LinuxQuestions.org

LinuxQuestions.org (/questions/)
-   Linux - Newbie (http://www.linuxquestions.org/questions/linux-newbie-8/)
-   -   more file comparison (http://www.linuxquestions.org/questions/linux-newbie-8/more-file-comparison-635320/)

Stannjudy 04-14-2008 03:38 PM

more file comparison
 
I have searched and not found quite what will work for me. I am fairly new to this and need to compare two lists and delete the difference.

The problem I'm having is that the lines have different lengths of value. i.e.

one list give the label:
ABC001L1
ABC002L1
ABD090L1

while the other gives more information:
ABC001L1 /filename/date/initials 0021 files
ABC050L1 /filename/differnetdate/initials 0034 files

etc....what I need is to compare list1 against list2 and come up with the same (or delete the different) labels on the lists. I want to keep the ones with the label names only...

I've looked at diff -E, fgrep (which I don't fully understand - especially looking at the man page), and comm...none seem to do what I need.

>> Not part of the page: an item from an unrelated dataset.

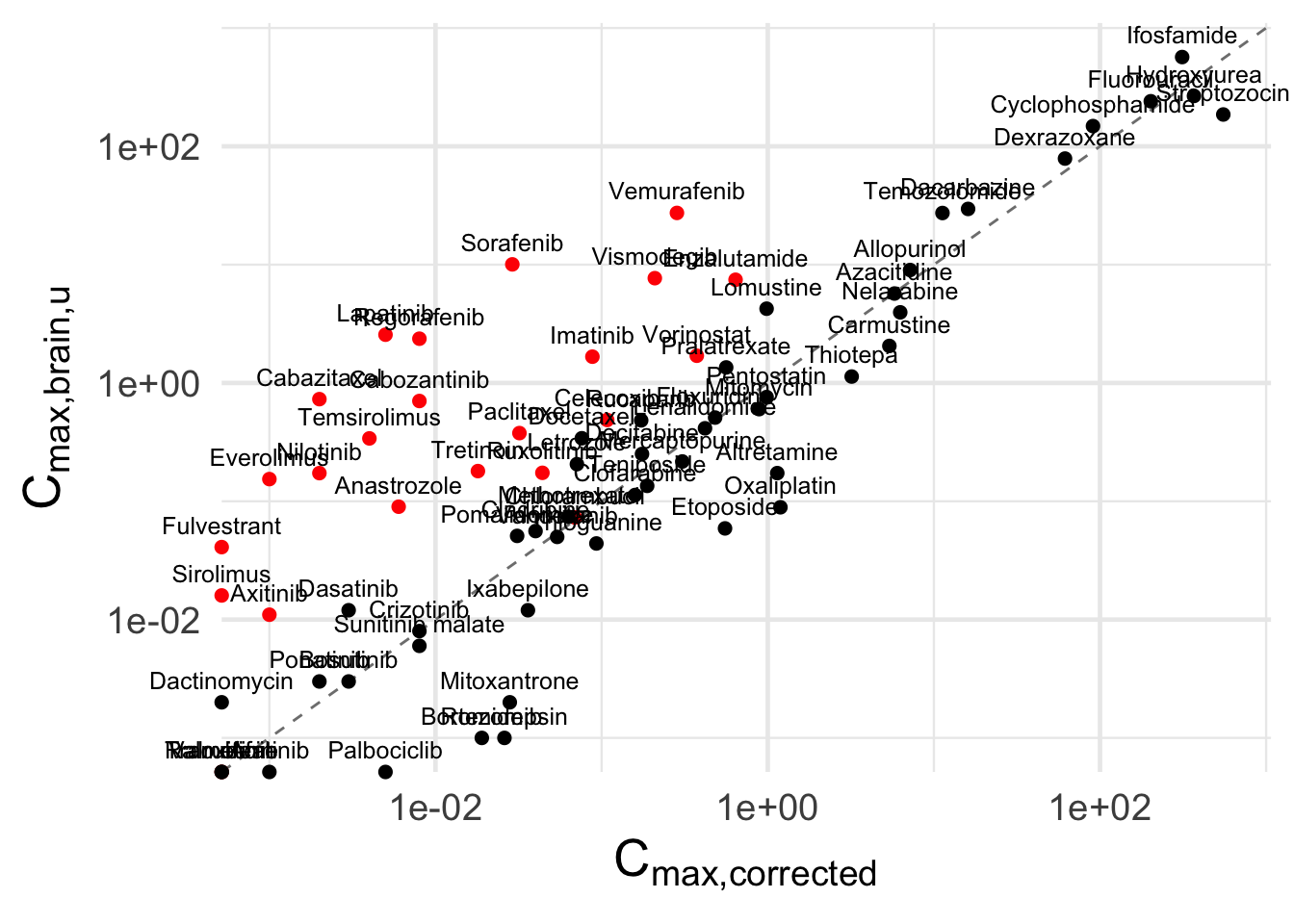 # Prepare data with color based on kp_uu_brainplot_df <- merged_df %>%filter(!drug_name %in%c("Busulfan", "Carboplatin", "Cisplatin", "Exemestane")) %>%mutate(dot_color =ifelse(kp_uu_brain >3, "red", "black"),label = drug_name )# Make the scatterplotscatter_plot_concentrations <-ggplot(plot_df, aes(x = unbound_brain_cmax_micromolar_emc,y = unbound_brain_cmax_micromolar_kp)) +# Add 1:1 diagonal linegeom_abline(slope =1, intercept =0, linetype ="dashed", color ="gray50") +# Add points with color depending on kp_uu_braingeom_point(aes(color = dot_color), size =2) +# Optional: Add labelsgeom_text(aes(label = label), vjust =-0.8, size =3.3) +# Manual color scalescale_color_identity() +coord_cartesian(clip ="off") +# Log10 scales for both axesscale_x_log10() +scale_y_log10() +labs(x =expression(C[max*","*plain("corrected")]),y =expression(C[max*","*plain("brain")*","*plain("u")]) ) +theme_minimal(base_size =18) +theme(axis.title.x =element_text(size =20),axis.title.y =element_text(size =20) )# Show the plotprint(scatter_plot_concentrations)

Both lists are 4,000 to 6,000 entries.

Thanks,
Stan

colucix 04-14-2008 04:31 PM

Maybe join is what you're looking for:
Code:

$ cat file_one
ABC001L1
ABC002L1
ABD090L1

$ cat file_two
ABC001L1 /filename/date/initials 0021 files
ABC050L1 /filename/differnetdate/initials 0034 files

$ join -o 1.1 file_one file_two
ABC001L1

See man join for details and more options.

bigrigdriver 04-14-2008 04:42 PM

This looks like a problem designed for awk.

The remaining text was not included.